Something becoming increasingly common is the resurrection of lost or believed extinct grape varieties. In a market that probably doesn’t need another Sauvignon Blanc or Chardonnay, searching out these obscure varieties can be a clear path to creating a unique wine that really stands out. For me the quest conjures up images of an Indiana Jones type character searching around distant fields in forgotten towns – perhaps talking to old locals in the hope that one of them remembers an elderly man who once had a vineyard. Now this may sound either dramatic or romantic (or both), but with the wine industry going through several reboots due to issues like Phylloxera or prohibition, the world markets stopped and started. This meant that plantings were grubbed up or even abandoned, and it’s finding these forgotten outposts that is the gateway to tasting wine from another time.

A book entitled ‘The Wild Vine’ by author Todd Kliman follows the near extinction of the Norton grape variety, which hailed from the US state of Virginia. Once upon a time at the 1873 Vienna convention, a bottle of Norton was awarded the very grand sounding award for ‘Best red wine of all nations’. In spite of this, fate had a different idea and Norton was forgotten. It was re-discovered in 1965, and with the persistence of grape crusader Jenni McCloud, it has come back from the brink and is now considered to be the only American vine variety good enough to make premium wine.

Legendary Spanish wine producer Miguel Torres is also striving to rediscover lost vines. As part of a caretaking exercise to respect and understand the tradition and history of his region, Miguel began placing advertisements in the local Barcelona press asking if anyone knew of any obscure varieties being made in vineyard outposts. Fast forward to today and Torres lays claim to have resurrected 45 grape varieties from obscurity since 1984. Certainly the last couple of times I’ve tasted through their ranges at wine fairs, they’ve included some weird wonders such as Querol, or the Samso and Garro varieties blended in to their Grans Muralles.

Now you may be thinking that this is all very well, but you’re unlikely to bump in to any of these grape varieties with ease and be able to taste them.
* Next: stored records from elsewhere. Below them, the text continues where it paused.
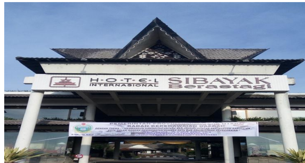
Tempat pelaksanaan kegiatan Forum OPD BKD Provsu tanggal 4-5 April 2018 di Hotel Sibayak Internasional Berastagi Kabupaten Karo.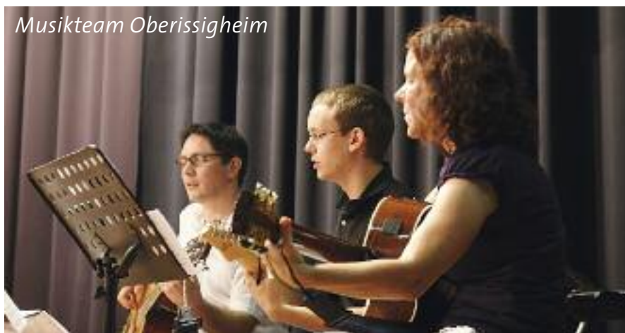
Die „Neuen“ im Verband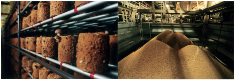
今年春から、雪冷房が導入される椎茸の栽培施設。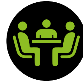
ASSEMBLEA DEI SOCI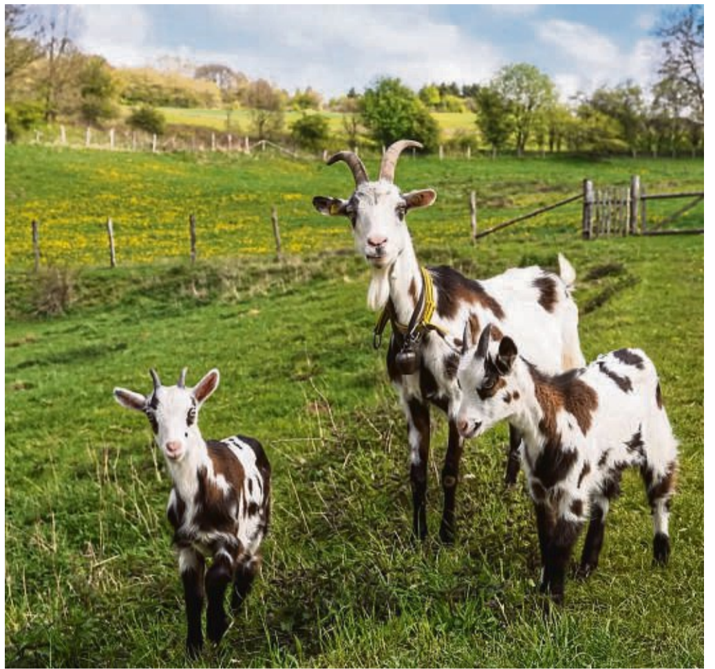
Die Arche-Region bei Frankenu soll mit bezahltem Personal künftig besser vermarktet werden. Auf dem Bild sind Tauernschekenziegen zu sehen, die alte Rasse stammt von den Hohen Tauern in Österreich.

Funktionsverbesserungen am Jugendraum in der Hochlandhalle Gilserberg.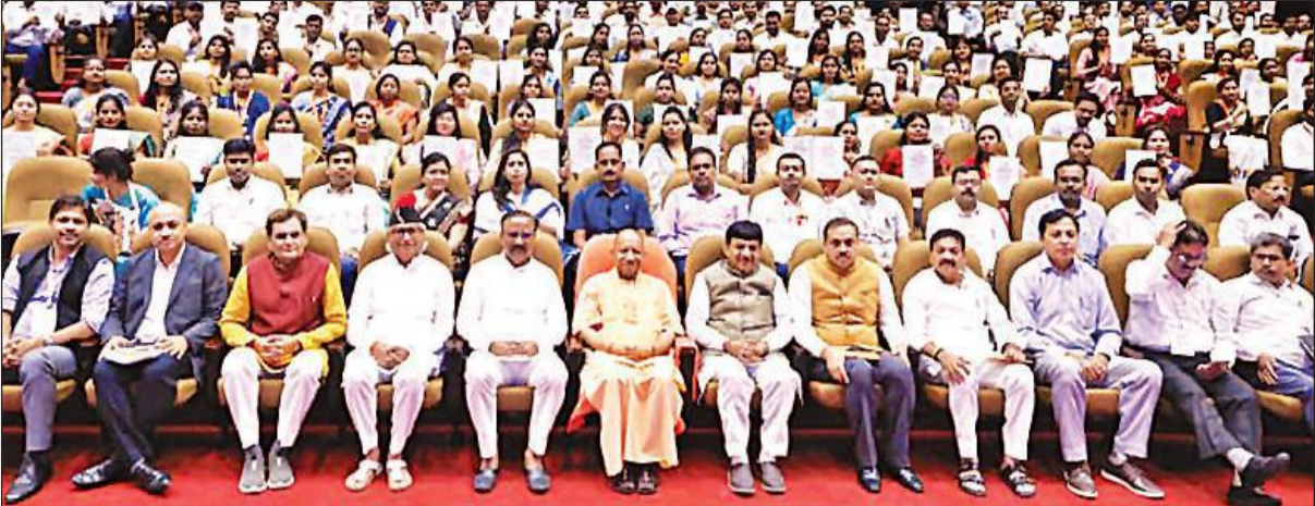
लोक भवन में नवचयनित अनुदेशकों के नियुक्ति पत्र वितरण कार्यक्रम में उपस्थित मुख्यमंत्री योगी, साथ में अन्य।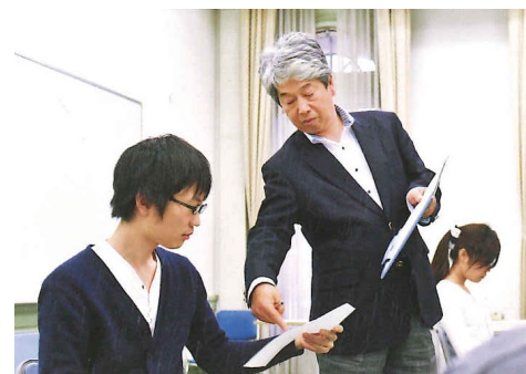
経験豊富な教員による指導

歴史・文化的な遺産としての「もの」を扱う考古学と共に、美術史学・文化財保存・修復学分野が加わり日本史学専攻が充実しました。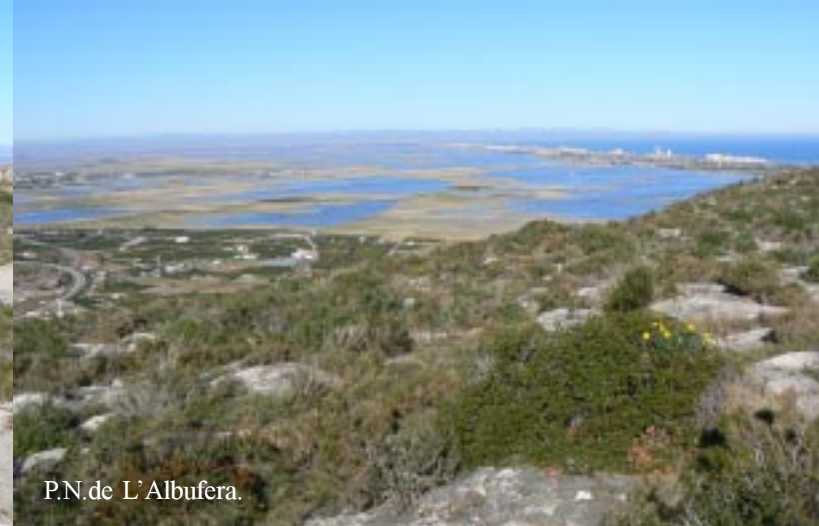
P.N. de L'Albufera.

Steeds met dit heerlijke zicht klimmen we fiks omhoog via een asfaltweg naar de Radar Meteorològico om daar (12.30) opnieuw dat wit-geel gemarkeerde pad (senda ecoturística PR-CV336) te volgen. Deze gaat over de kam tussen diverse heuveltoppen.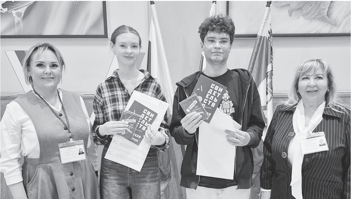
Встречаем впервые голосующих.

Особое внимание на избирательных участках уделяли впервые голосующим молодым жителям района. В честь этого события им вручали обложки на паспорт и свидетельство избирателя. Те, кто по состоянию здоровья или по иным причинам не смог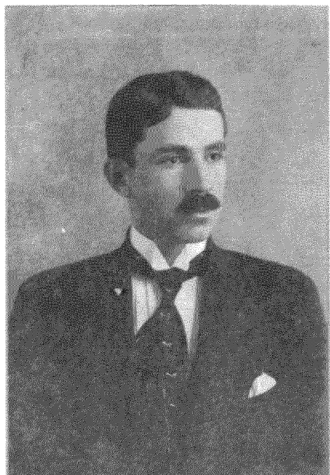
Κώστας Βάρναλης, 1912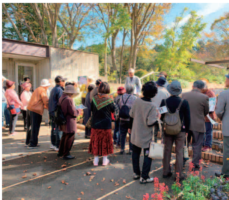
第5回移動学習 「茨城県庁・県議会議事堂・水戸市植物公園見学ツアー」の様子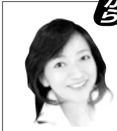
参議院議員 牧山ひろえ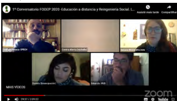
Imagen de diálogo virtual realizado por el Foro por el Derecho a la Educación Pública de Chile, para discutir el contexto educativo nacional ante la pandemia COVID-19.

En Colombia, se publicó en marzo de 2020, en el marco de la pandemia, una directiva del Ministerio de Educación que suspendía la contratación de la prestación del servicio educativo para personas adultas y suspendía también el ingreso de personas jóvenes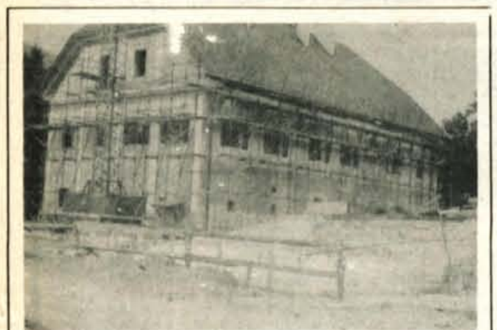
Obnova Tavčarjevega dvorca napreduje — Na Visokem v Poljanski dolini škofjeloški Alpetour obnavlja Tavčarjev dvorec. Propadanje objekta je doseglo že grozeče razsežnosti, zato so se pri Alpetouru odločili za obnovo, zaupali pa so jo Tehniku iz Škofje Loke. Obnova poteka po programu.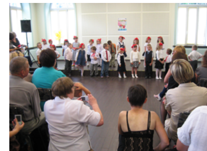
Podsumowanie projektu „Dobry start w Klubach Przedszkolaka”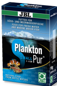
JBL PlanktonPur SMALL Leckerbissen für kleine Aquarienfische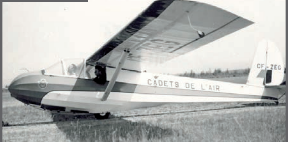
Les débuts du vol à voile du programme des cadets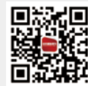
纺织服装周刊 新浪微博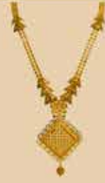
Haram NEK 477 Harams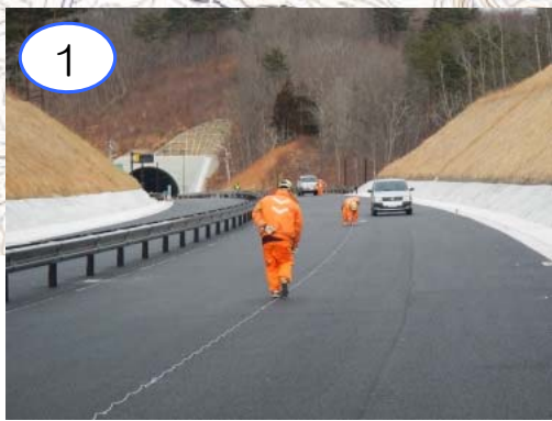
1 向新田地区では、舗装や防護柵の施工が概ね完了しました。現在、路面標示の準備を行っています。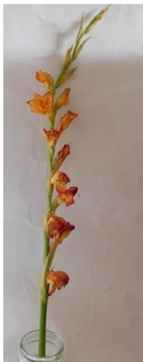
Obr. č. 26 'Adéla' č. 1 8. den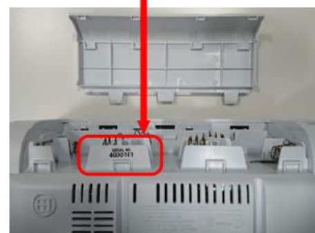
裏面 電池ふたを開けた中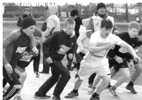
Каждый легкоатлет выложился по максимуму, преодолевая дистанцию.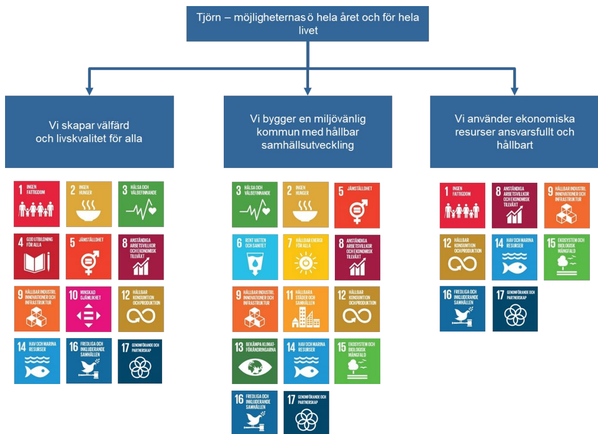
Figur 2 De 17 hållbarhetsmålen i Agenda 2030 sorterade under respektive strategiskt område

Figur 2 visar hur de 17 hållbarhetsmålen i Agenda 2030 kan sorteras under de tre strategiska områdena som Tjörns kommun har. Som man kan se i figuren kan många hållbarhetsmål kopplas till mer än ett av de strategiska områdena.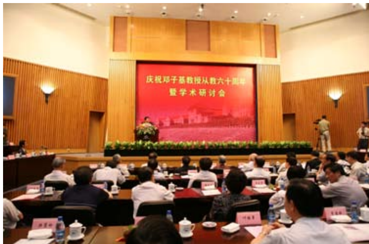
邓子基教授从教60周年庆祝会暨学术研讨会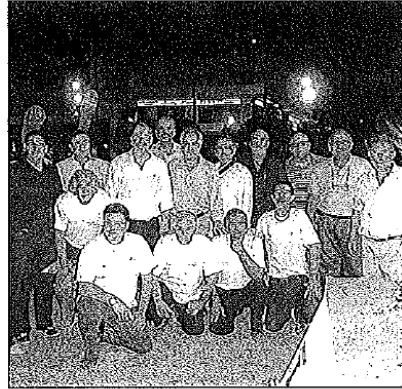
En la imagen, el jurado junto a los concursantes. R. Jurado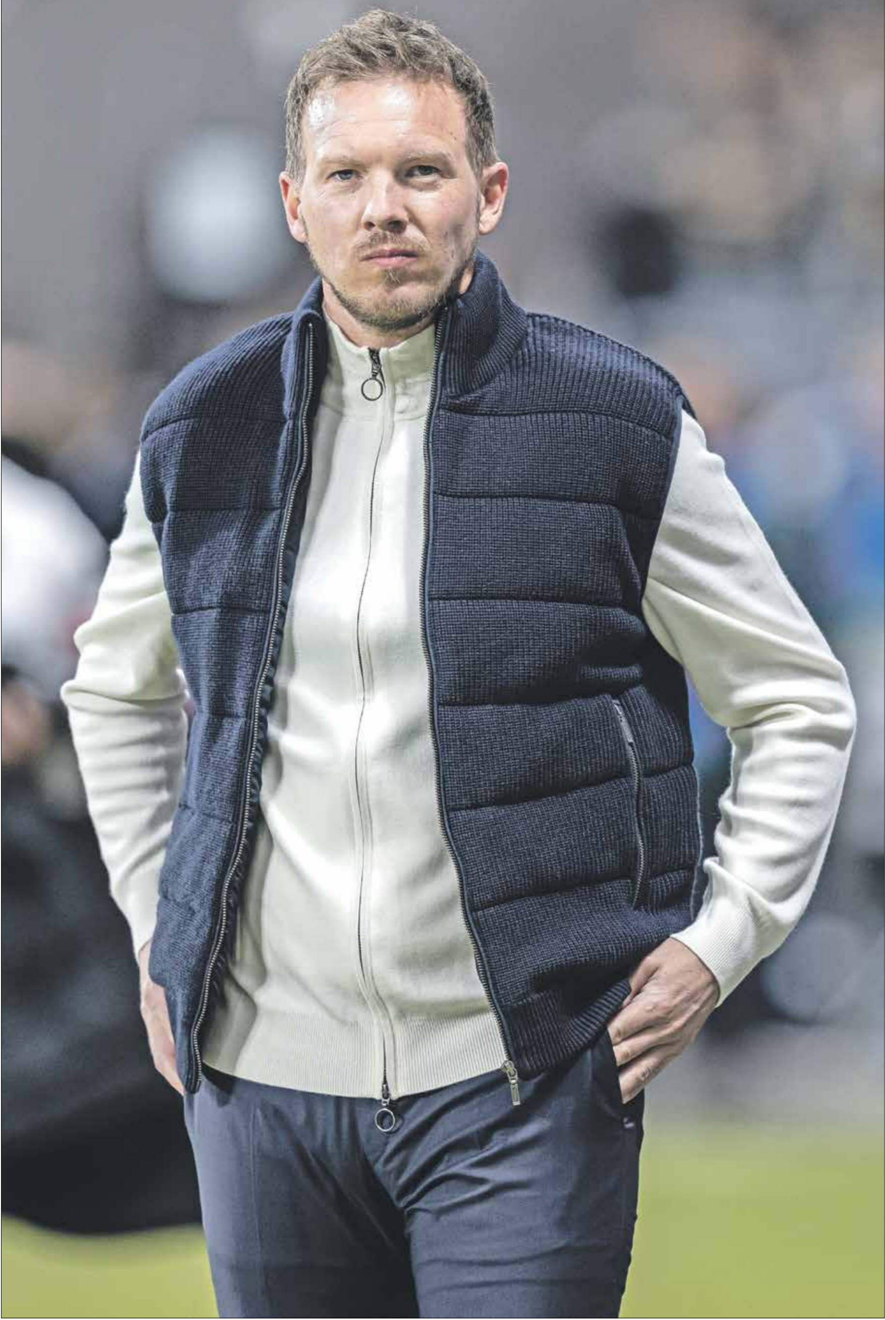
يوسف ناغلسمان للترويج بلبق بجره 2024، مع منتخب ألمانيا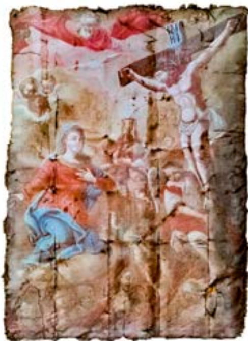
16. Marija kot priprošnjica duš v vicah, slika iz p. c. sv. Ane na Grabnu v Novem mestu, frančiškanski samostan Novo mesto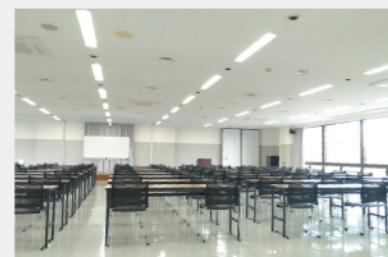
卸町会館内に新しく設置された空調設備(4階大会議室)

第696回理事会で承認された、地域共同暖房停止および熱源システムの更新に伴う卸町会館空調更新工事は、1期工事(2階歯科医院内・8/8～8/15)2期工事(1階:中会議室/郵便局内・4階:エントランスホール、第一会議室、第二会議室、中ホール、大会議室、特別会議室8/26～10/31)を実施し、全ての工事が10月31日に完了しました。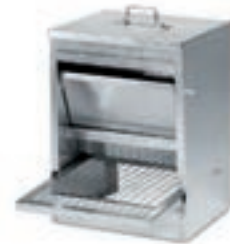
TOLVA METALICA AVES APERTURA MECANICA 10KG (30*45*41) COD:9220111 20KG (48*46*45 ) COD:9220107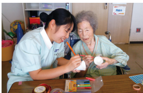
▲院内デイケアの様子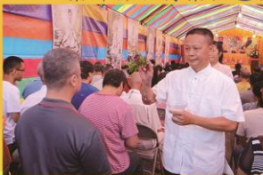
為善信遍灑法水祛厄之景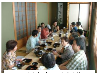
9/14 誕生会。小坂井の「勇寿司」にて。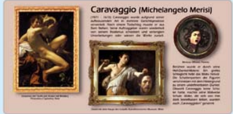
Caravaggio (Michelangelo Merisi) 1571-1610. Caravaggio wurde aufgrund seiner naturalistischen Art in der Malerei, die sich auf die Darstellung von Alltagsszenen beschränkte, als „König der Karavaggisti“ bezeichnet. Er war ein wichtiger Vertreter des Barock in der Malerei.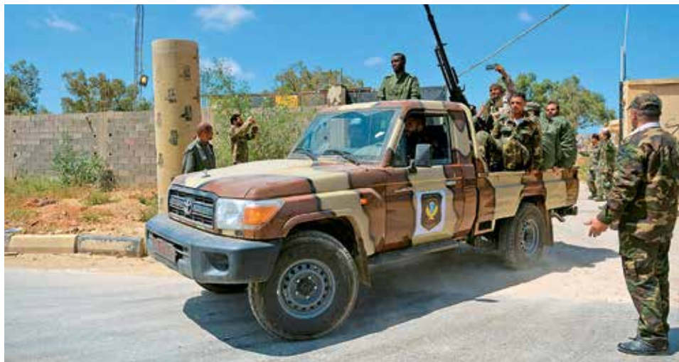
HAFTAROVI MUŽI. Členové samozvané Libyjské národní armády míří na Tripolis.

Nejméně 25 mrtvých a 80 zraněných si od neděle vyžádaly boje na jihu Tripolisu. S odvoláním na libyjské ministerstvo zdravotnictví o tom informovala agentura Reuters. Oddíl samozvané Libyjské národní armády, která je spřízněna s odpadlickou vládou na východě země a které velí polní maršál Chalífa Haftar, dorazily v neděli na předměstí libyjské metropole a střetly se s jednotkami mezinárodně uznávané vlády.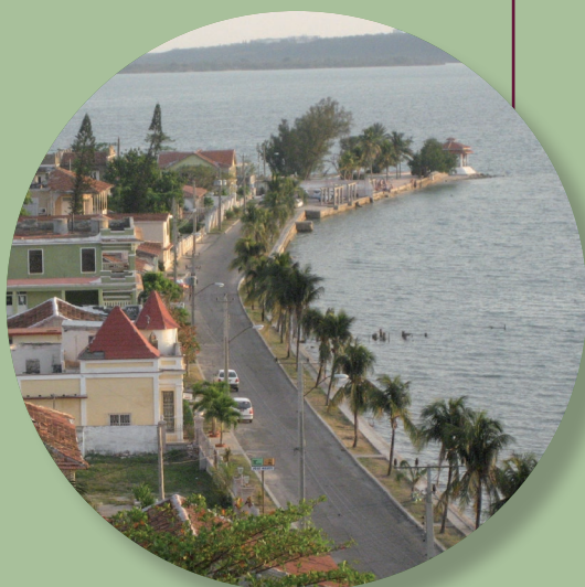
Depuis 2006, 30 projets réalisés dans le programme de développement de la province de Cienfuegos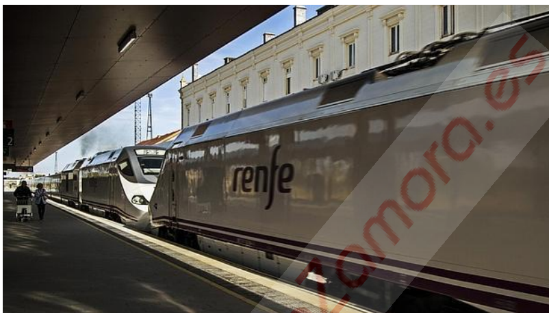
Preparativos el pasado octubre en la estación de Renfe de Zamora para la llegada del AVE

El candidato popular por Zamora al Congreso cree que gracias a la alta velocidad por primera vez la capital zamorana va a ser destino y no lugar de tránsito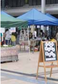
ママの力作がいっぱい

会認定のおもちゃドクター が、壊れたおもちゃを修理 —— 高度な機能のもの、美 術的なものや骨董など、修理 を引き受けられないものもあ ります。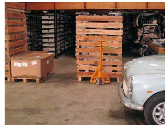
Varer fra Sri Lanka pakket til England, på lageret i Asferg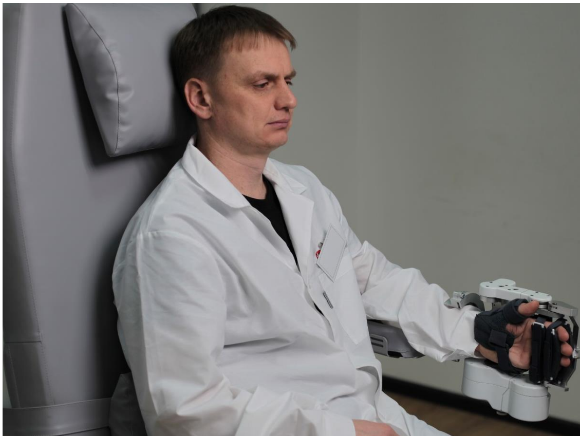
Рис. 2. Комплекс экзоскелета кисти с двумя степенями свободы (НПО «Андроидная техника» совместно с Институтом физики высоких давлений им. Л.Ф. Верещагина Российской академии наук, проект «Пианист») [15]

Доказанный клинический эффект наблюдается при применении системы экзоскелета с интерфейсом «мозг–компьютер», причём на начальных этапах реабилитации рекомендуется использовать меньшее число степеней подвижности экзоскелета с последующим их увеличением (рис. 2) [1, 16].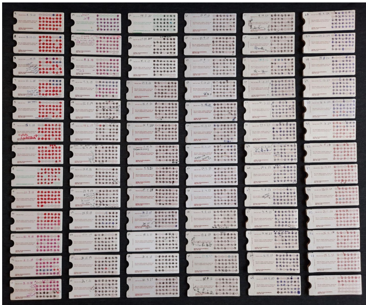
Figura 5 – Conjunto de cartelas tomadas desde outubro de 2017 até março de 2025

É, então, a partir dessa prática diária de acumular cartelas, anotando e produzindo vazios entre os medicamentos consumidos, que se concebe o trabalho da artista. O conceito de deriva aparece, nesta fase, no compromisso cotidiano de produzir anotações, guardando as cartelas, tendo possíveis vácuos entre os apontamentos, frutos do esquecimento como desvio não intencional. Ao longo dos últimos seis anos, de outubro de 2017 até março de 2025, a artista armazenou 78 cartelas de medicamento consumido. Ao observar o conjunto de todas as cartelas utilizadas (figura 5), dentre as muitas informações que se apresentam, duas questões se destacam: (1) a forma como os dias da semana estão gravados – trinta e cinco círculos, distribuídos em cinco linhas de sete colunas, preenchidos quando o medicamento fora tomado; e (2) os dias em que o remédio não foi tomado, quando os círculos permanecem sem interferência. Trata-se de formas esvaziadas pelo esquecimento, produzidas de modo aleatório.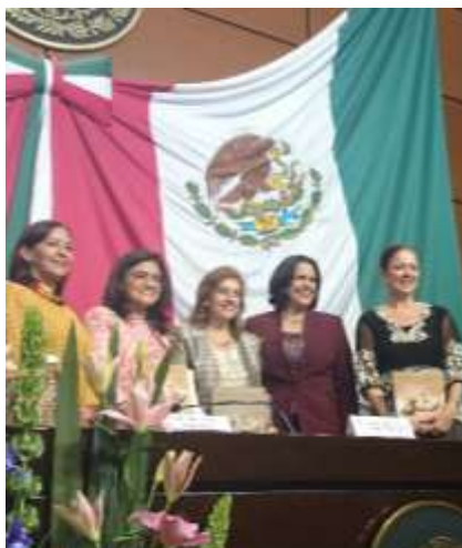
Presentación del libro "Mañana te escribiré otra vez", de Minou Tavárez Mirabal

de Belem Do Pará y el trigésimo quinto aniversario de la Convención sobre la Eliminación de todas las formas de Discriminación contra la Mujer (CEDAW).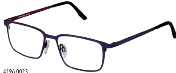
4196.0023 rich iris/hibiscus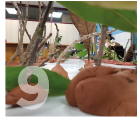
9. Bosque Taller de barro

You may be surprised then, to hear that there are some grape varieties saved from near extinction that are widely available in any reasonable supermarket selection. Potentially you may even have a bottle of them in the house now!

Viognier is a grape hailing from the Northern Rhone in France, and whilst today it is common (France had 4,395 hectares (10,869 acres) given over to Viognier in 2009), it’s astonishing to think that as recently as 1965 plantings had dwindled to just 14 hectares (35 acres). That’s roughly the size of 27 football pitches, and could have been 100% wiped out by just one bad frost or serious hail shower. The Viognier vine has a tendency to suffer from coulure (the failure of grape development following flowering) and was prone to providing low yields, and so many farmers simply gave up and moved on to easier to handle varieties. To see its’ resurgence is remarkable, and it’s now produced across the globe, faring well in diverse regions such the USA, Australia and New Zealand.

And then there’s Carménère. This Bordeaux variety disappeared following the outbreak of Phylloxera (for the same reasons as Viognier), and was thought lost forever. Thankfully it was later discovered thriving in Chile where it was mistakenly thought to have been Merlot.

Incidentally, whilst some regions do have smatterings of plantings that managed to escape Phylloxera, as Chile is surrounded by either desert, sea or mountains, it’s one of the few wine producing countries not to have seen the Phylloxera outbreak. As the Bordeaux varieties were imported from France before they themselves suffered from Phylloxera, Chile still grow grapes on ungrafted vines, and therefore they are probably your best bet today of trying a ‘pre-Phylloxera’ wine. Obviously production methods, wine style and all sorts of other aspects have changed over the years, so I only mention it with tongue planted firmly in cheek.

Everyone loves an underdog story, and whenever I see or get to taste a Viognier or Carménère I tend to go for it. It reminds me that I may not have had the opportunity to do so, if things had been only slightly different.